19 La jeune femme mange pour ne pas mourir, ou alors, elle se tue en mangeant. La nourriture prend, comme la boisson pour l’alcoolique, la fonction de pharmacon [6], elle est à la fois médicament et poison. À travers la destruction de l’image, elle « tue » son corps – et son être –, en s’identifiant à l’« objet déchet ». [7] Objet déchet pour l’Autre, en l’occurrence l’Autre Maternel :
Ma mère ne s’intéresse qu’à mon poids, on ne va jamais au cinéma, on ne fait que parler de mon poids. Être grosse, c’est ce qui maintient le lien à ma mère. Depuis que j’ai su que mon père la trompait, et qu’il m’a abandonnée, j’ai « fait bloc » avec elle contre lui. Je ne sais pas qui de nous deux est le parasite de l’autre…
21 À noter que l’abandon de la part du père, de la mère, est vécu par la patiente comme son propre abandon : Pamela confond sa mère avec elle-même [8], elles sont une seule chose face au père.
22 Pendant une autre séance, la patiente me dit :
Ma famille est horrifiée par mon poids. De toute façon je m’en fiche : je ne suis qu’une pourriture. Je fais semblant de me préoccuper de grossir… je le fais pour ma mère, moi, je m’en fiche.

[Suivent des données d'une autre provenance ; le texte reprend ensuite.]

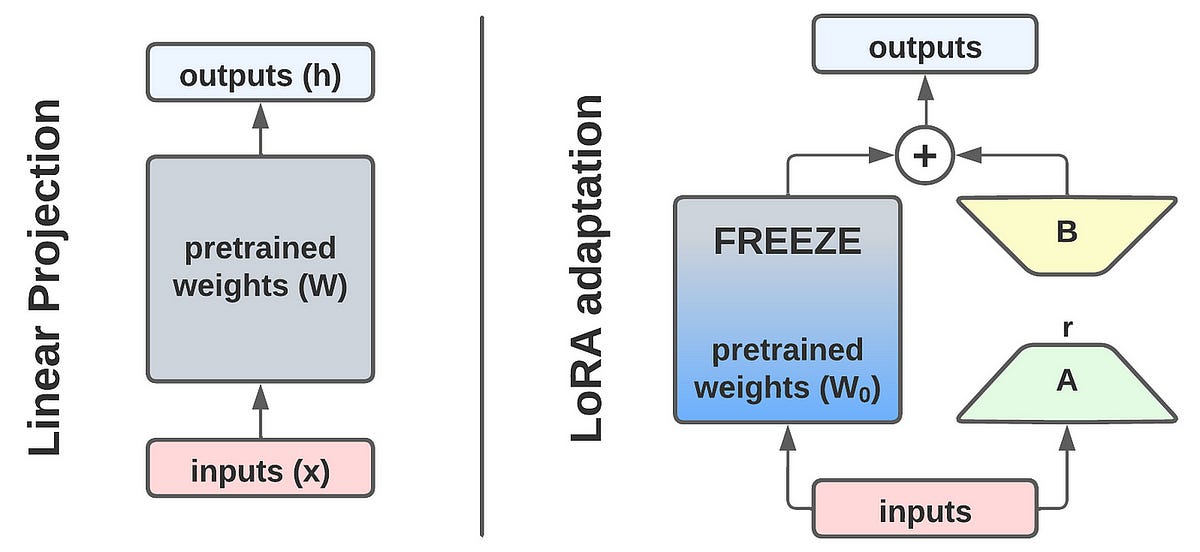 LoRA (Low-Rank Adaptation) works by injecting trainable low-rank matrices into the model’s layers, leaving the rest of the network frozen.
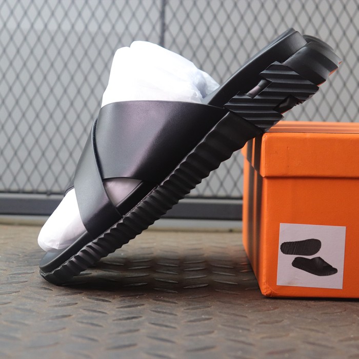 에르메스 인프라 샌들 카프스킨 스웨이드 고트스킨 & 누아
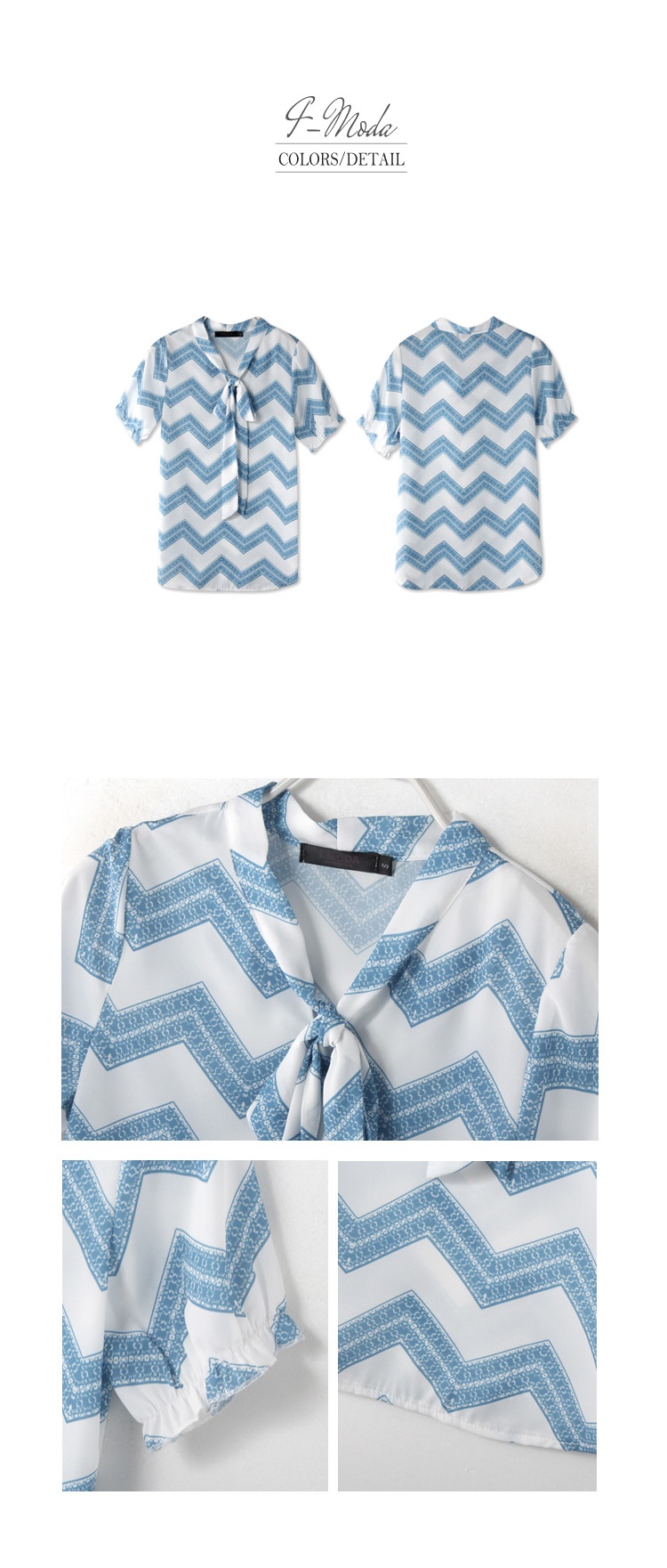 0622新品 雪紡波浪印花綁帶縮口短袖上銀行房貸衣.2色
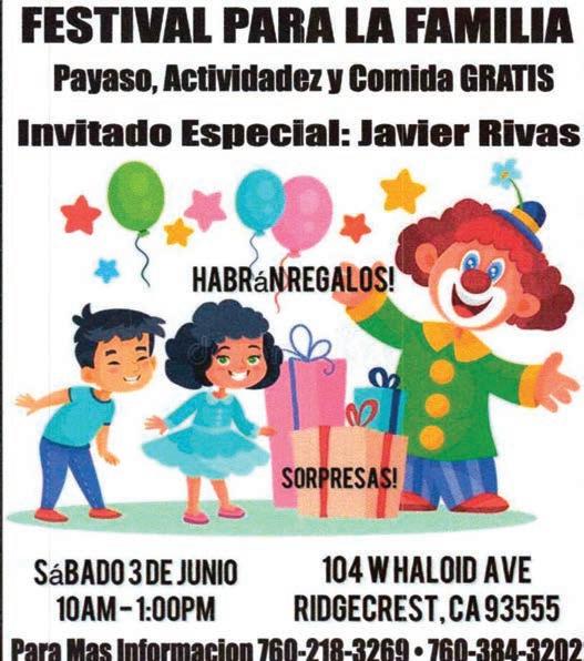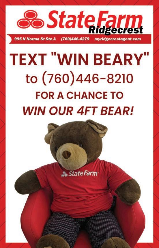 1-760-301-7026. TFN COMMERCIAL KITCHEN REPAIRS. Ovens, stoves, grills, warmers, ice machines, refrigeration. Call Steve 1760-608-7724. 05/25 pAGe 03 THURSDAY, MAY 25, 2023 THe SwAp SHeeT Storage 8x20 - $80 p/mo Storage 8x40 - $125 p/mo Most reasonable rates in town. Reasons why to store at RHB Storage: More space for less money Rates don’t jump around Yearly payment discount available 1-760-375-7727 667 S. Richmond Rd. Unit E., Ridgecrest A&L Tire Service Center and We’re More Than Just A Tire Store... We’re Your Complete Automotive Service Center! • FREE Shuttle Service For Customers Convenience • 24 Hour Roadside Tire Service For Any Vehicle • FREE Vehicle Safety Inspections • Full A/C Service • Napa Care Center • We Offer The Best Nationwide Road Hazard Warranty In Town • Newest State Of The Art Tire Pressure Monitor System Diagnosis With Some Of The Most Affordable Sensors In Town • Only Shop In Town That Has A Wide Variety Of American Made Tires In Stock Hablamos Español 317 West Inyokern Road • www.AandLTire.com (760) 499-MIKE OPEN SATURDAYS! A/C SYSTEM INSPECTION $69 most vehicles LOOK RO S Car Flex Fr e re We W OBERTJWHITING COTT E. WHITING, D ing, Personalized Dent e’r ridays! NG ON GAS DDS DS ental PPO. ces, ITE C istry! GENCIES Open ROOT CANALS • TEETH WHITENI SEDATI • ORAL SURGERY ORAL NITROUS/LAUGHING IMPLANTS • EMER TAAL Y COSMETIC DENTISTR Y CHILDREN’S DENTISTR ROBERT J. WHITING, Delta D All Base Dental Plans and Including Are in Network with Most Insuran We 760-375-6999 . • SUI T. 841 N. DOWNS ST • DENT .whitingfamily Email: wfdridgecrest@yahoo.com • www dental.com 117 E. Ridgecrest Blvd. Ridgecrest, CA 93555 760-463-1297 • Great Food designed for the family! • Priced right • Food specials! Watch the sports games and enjoy the food and drinks! electricity windows/doors roof tile plumbing paint patios/decks additions flooring. framing
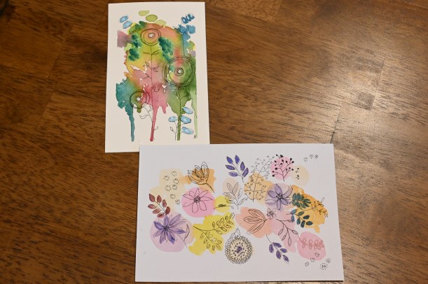 Before I mail them I like to just look at them, and I always take a picture before they go. I’m often surprised that I painted them, but other times it’s painfully clear that I did them, though most of the time I send them on anyway. I know how much it means to get a note in the mail, and most people won’t be offended if the artwork isn’t up to par.

24 Elle me montre un dessin qu’elle a fait et qui la représente. Son corps sur le papier a deux contours : elle m’explique qu’elle avait dessiné deux contours pour marquer la différence entre sa façon de se voir, et la façon dont sa mère la voyait (c’était le contour le plus extérieur).
Vous voyez ? Moi je ne me vois pas grosse, c’est ma mère qui veut que je me voie comme ça.
26 La patiente avait plusieurs fois refusé de se faire hospitaliser dans des cliniques d’amincissement, ce qui montre encore une fois, que pour Pamela, le poids, ne constitue pas un souci au niveau de son image.
La nourriture, le poids, la faute
27 Internée à un certain moment à l’unité clinique, suite, cette fois-ci, à une forte dépression [9] qui l’empêchait de sortir de son lit, de se laver, de s’habiller, etc., elle devait se rendre à une clinique d’amincissement, sous conseil de son psychiatre, pour programmer une cure. Mais la jeune femme n’avait jamais pu faire cette visite. Elle avait décompensé encore à l’hôpital et s’était retrouvée en isolement. Elle avait fait un doigt d’honneur à son psychiatre, geste qui symbolisait son refus de rentrer en clinique : elle ne voulait, pour aucune raison au monde, entrer dans une clinique pour mincir, m’avait-elle dit lors d’une séance, une fois sortie de l’hôpital psychiatrique.
28 Quelle est donc la fonction, pour cette jeune femme, du corps « déformé », de son moi maltraité, de son image détruite ? Ce n’est pas une demande « altérée » d’amour, le besoin d’être valorisée par l’Autre pour sa propre belle image – homologue de la « belle âme » hégélienne – qui l’obsède (comme c’est parfois le cas dans la névrose), mais la volonté de jouissance de l’Autre, volonté qui insiste, pour le sujet psychotique, et qui lui impose de se voir et de s’identifier à une pourriture.
29 Le poids en excès prouve, et surtout montre, l’identification de la jeune femme à l’objet déchet : elle paie pour sa faute, faute d’être un être immonde, ignoble, méprisable, comme elle me dit sans cesse, elle paye pour une faute qui ne pourra pas s’extirper. En même temps, le corps rebutant, exposé sans retenue et sans honte, se révèle le seul moyen de s’opposer au désir de l’Autre. [10] Cette forme d’exhibitionnisme, presque pervers, devient une sorte de « compensation » pour le sujet psychotique (on ne peut pas parler bien sûr de « suppléance » [11]) : la perversion soutient l’image phallique du sujet. [12] Et c’est notamment une image phallique consistante, qui lui permette de maintenir son « je » [13], qui manque à la jeune femme.
30 Le symptôme boulimique dans la psychose montre l’absence de la fonction paternelle et il devient signe : monolithe qui représente l’échec de la métaphore paternelle. En ce sens, parler de « symptôme » boulimique est (quasi) inexact : la différence qui habite l’articulation signifiante S1-S2 est annulée ici. Le sujet n’est pas représenté par un signifiant qui représente un autre signifiant, il est inscrit comme monolithe [14], identifié au signe extra-métaphorique, qui représente seulement lui-même.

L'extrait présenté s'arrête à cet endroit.